### What this task involves
Pictures aside, quote the whole listing exactly.

### Dataset section
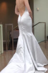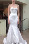 “Paris” Strapless silk peau de soie gown with fit-to-flare silhouette and dramatic low v back. Accessorized with swarovski and pearl engineered beaded illusion cape. Finished with elegant sating bow at wait.
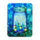 A mason jar of glowing fireflies or lightning bugs against the starry night background. An elegnt country rustic design. In colours of blue, green and yellow.
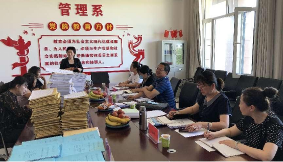我系副主任刘海英简要汇报了我系合格评估重点建设阶段第一时段自查工作情况。专家组围绕课程资料、毕业论文、实习实训等方面进行了详细检查与深入交流,客观指出我系在“整改及重点建设任务”第一时段存在的问题及风险点,并提出切实可行的改进意见和建议。
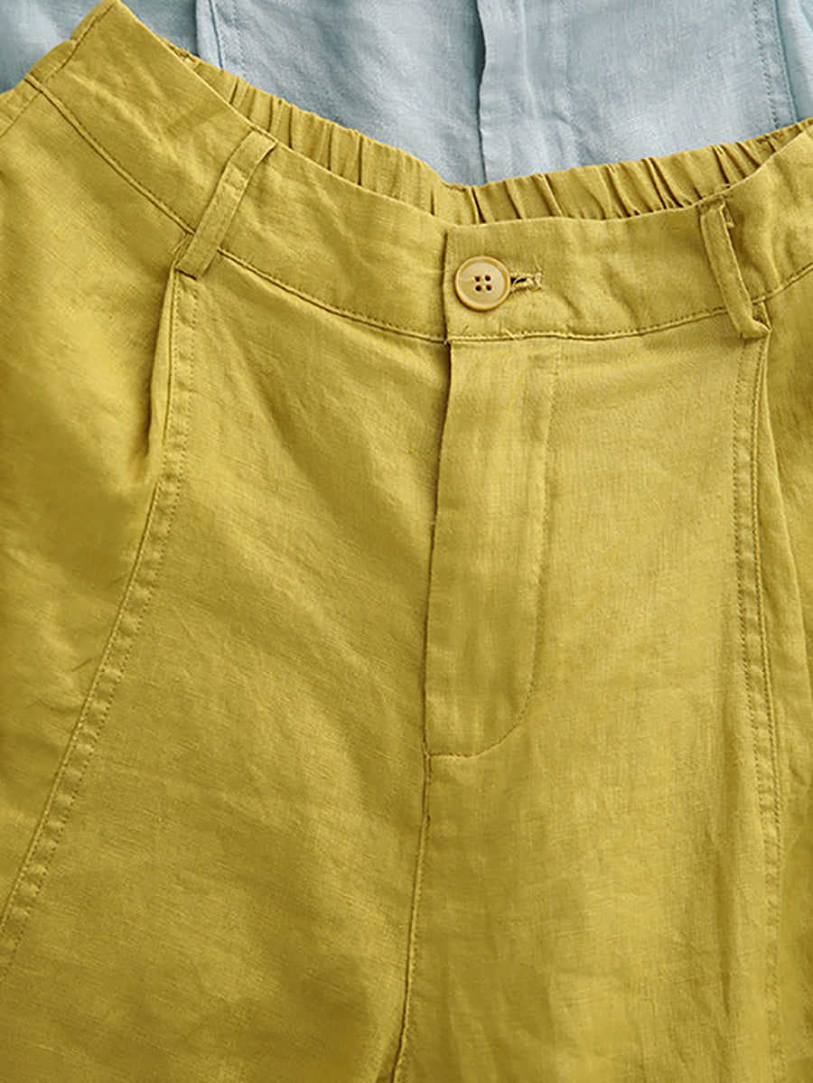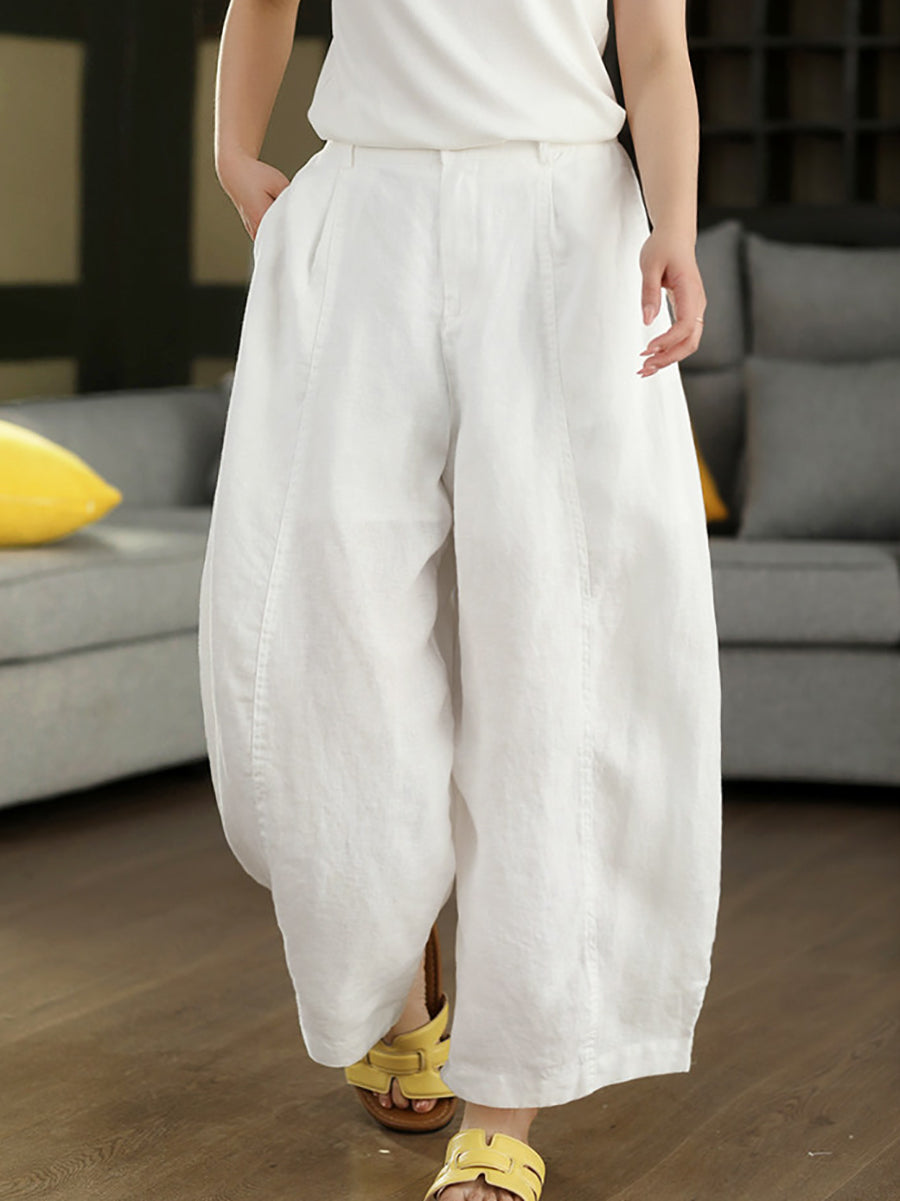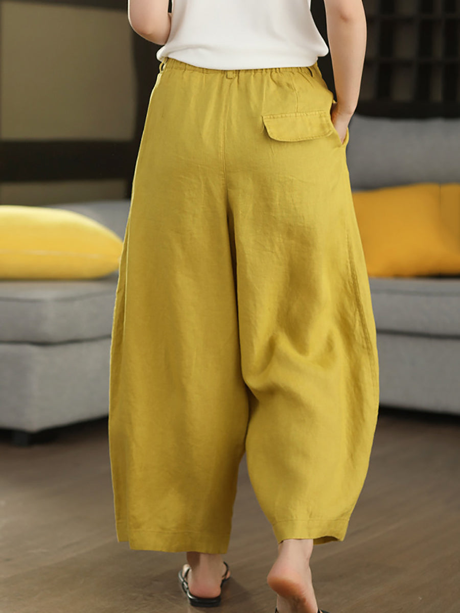 Pantalon harem d'été pour femme, couleur unie, 100 % lin

### Result of this exercise
 “Paris” Strapless silk peau de soie gown with fit-to-flare silhouette and dramatic low v back. Accessorized with swarovski and pearl engineered beaded illusion cape. Finished with elegant sating bow at wait.
 A mason jar of glowing fireflies or lightning bugs against the starry night background. An elegnt country rustic design. In colours of blue, green and yellow.
我系副主任刘海英简要汇报了我系合格评估重点建设阶段第一时段自查工作情况。专家组围绕课程资料、毕业论文、实习实训等方面进行了详细检查与深入交流,客观指出我系在“整改及重点建设任务”第一时段存在的问题及风险点,并提出切实可行的改进意见和建议。
 Pantalon harem d'été pour femme, couleur unie, 100 % lin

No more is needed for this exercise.